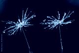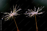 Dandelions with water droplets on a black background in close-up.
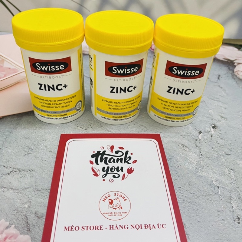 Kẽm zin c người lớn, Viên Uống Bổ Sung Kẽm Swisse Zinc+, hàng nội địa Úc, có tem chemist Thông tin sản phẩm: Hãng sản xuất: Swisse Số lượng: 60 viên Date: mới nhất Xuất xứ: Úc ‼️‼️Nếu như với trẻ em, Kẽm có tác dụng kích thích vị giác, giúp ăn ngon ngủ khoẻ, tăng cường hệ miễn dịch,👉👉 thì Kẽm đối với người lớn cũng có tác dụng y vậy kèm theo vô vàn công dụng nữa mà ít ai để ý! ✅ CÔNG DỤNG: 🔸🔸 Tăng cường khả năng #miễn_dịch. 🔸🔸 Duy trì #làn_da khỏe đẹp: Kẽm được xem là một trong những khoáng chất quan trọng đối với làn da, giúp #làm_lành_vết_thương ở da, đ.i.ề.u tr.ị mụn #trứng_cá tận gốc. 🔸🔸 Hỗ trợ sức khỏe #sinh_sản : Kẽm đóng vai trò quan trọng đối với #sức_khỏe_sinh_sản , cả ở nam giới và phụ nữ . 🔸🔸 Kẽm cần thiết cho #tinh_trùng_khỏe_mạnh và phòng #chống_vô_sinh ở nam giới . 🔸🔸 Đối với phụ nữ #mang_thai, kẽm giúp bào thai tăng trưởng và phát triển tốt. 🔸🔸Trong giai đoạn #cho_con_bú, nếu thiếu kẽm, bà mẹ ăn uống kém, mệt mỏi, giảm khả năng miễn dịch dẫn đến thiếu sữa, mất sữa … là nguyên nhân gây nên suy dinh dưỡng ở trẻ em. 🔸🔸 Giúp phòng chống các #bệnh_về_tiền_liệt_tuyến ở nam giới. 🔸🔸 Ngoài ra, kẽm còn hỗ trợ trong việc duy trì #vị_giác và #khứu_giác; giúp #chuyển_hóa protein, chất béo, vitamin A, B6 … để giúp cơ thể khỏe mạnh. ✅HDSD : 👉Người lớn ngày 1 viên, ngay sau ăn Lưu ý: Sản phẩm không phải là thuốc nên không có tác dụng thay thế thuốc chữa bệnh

+++++

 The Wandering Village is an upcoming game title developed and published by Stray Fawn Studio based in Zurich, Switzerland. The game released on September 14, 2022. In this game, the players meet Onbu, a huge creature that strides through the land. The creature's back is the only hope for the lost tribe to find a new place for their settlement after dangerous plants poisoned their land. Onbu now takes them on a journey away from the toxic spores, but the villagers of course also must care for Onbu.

+++++

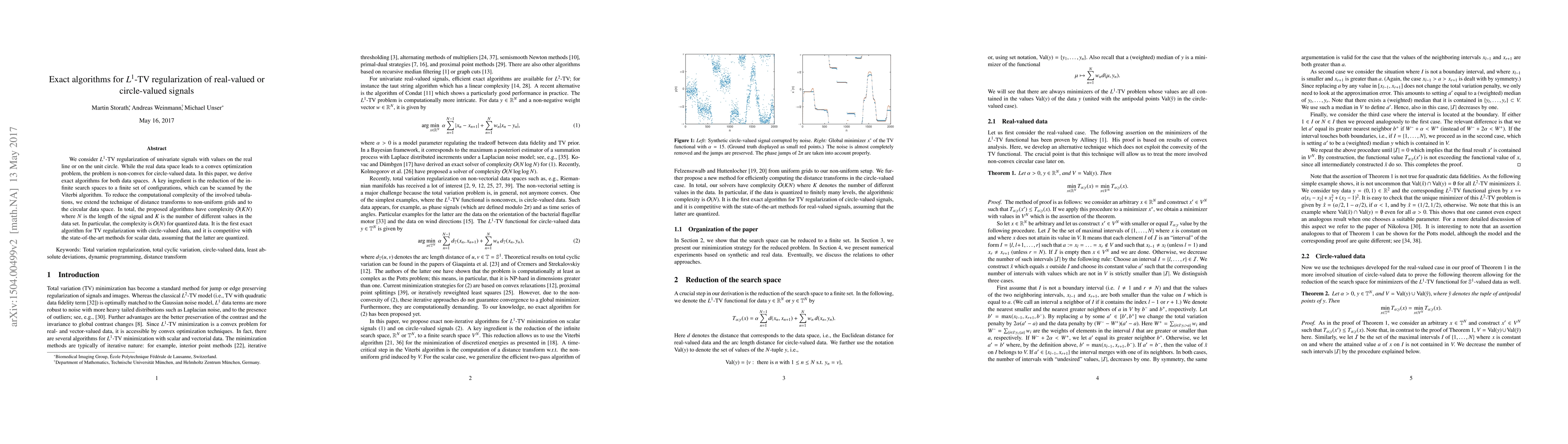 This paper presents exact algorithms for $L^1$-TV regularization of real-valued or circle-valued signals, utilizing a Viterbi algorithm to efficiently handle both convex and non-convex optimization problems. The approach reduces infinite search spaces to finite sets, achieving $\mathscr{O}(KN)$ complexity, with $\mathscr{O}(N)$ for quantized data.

+++++

Try it:
With the pictures removed, print only the lines starting at the line that has "Dandelions with water" and ending at the line that has "Kẽm zin c người", both ends included, exactly as they stand above.

Written reply:
 Dandelions with water droplets on a black background in close-up.
 Kẽm zin c người lớn, Viên Uống Bổ Sung Kẽm Swisse Zinc+, hàng nội địa Úc, có tem chemist Thông tin sản phẩm: Hãng sản xuất: Swisse Số lượng: 60 viên Date: mới nhất Xuất xứ: Úc ‼️‼️Nếu như với trẻ em, Kẽm có tác dụng kích thích vị giác, giúp ăn ngon ngủ khoẻ, tăng cường hệ miễn dịch,👉👉 thì Kẽm đối với người lớn cũng có tác dụng y vậy kèm theo vô vàn công dụng nữa mà ít ai để ý! ✅ CÔNG DỤNG: 🔸🔸 Tăng cường khả năng #miễn_dịch. 🔸🔸 Duy trì #làn_da khỏe đẹp: Kẽm được xem là một trong những khoáng chất quan trọng đối với làn da, giúp #làm_lành_vết_thương ở da, đ.i.ề.u tr.ị mụn #trứng_cá tận gốc. 🔸🔸 Hỗ trợ sức khỏe #sinh_sản : Kẽm đóng vai trò quan trọng đối với #sức_khỏe_sinh_sản , cả ở nam giới và phụ nữ . 🔸🔸 Kẽm cần thiết cho #tinh_trùng_khỏe_mạnh và phòng #chống_vô_sinh ở nam giới . 🔸🔸 Đối với phụ nữ #mang_thai, kẽm giúp bào thai tăng trưởng và phát triển tốt. 🔸🔸Trong giai đoạn #cho_con_bú, nếu thiếu kẽm, bà mẹ ăn uống kém, mệt mỏi, giảm khả năng miễn dịch dẫn đến thiếu sữa, mất sữa … là nguyên nhân gây nên suy dinh dưỡng ở trẻ em. 🔸🔸 Giúp phòng chống các #bệnh_về_tiền_liệt_tuyến ở nam giới. 🔸🔸 Ngoài ra, kẽm còn hỗ trợ trong việc duy trì #vị_giác và #khứu_giác; giúp #chuyển_hóa protein, chất béo, vitamin A, B6 … để giúp cơ thể khỏe mạnh. ✅HDSD : 👉Người lớn ngày 1 viên, ngay sau ăn Lưu ý: Sản phẩm không phải là thuốc nên không có tác dụng thay thế thuốc chữa bệnh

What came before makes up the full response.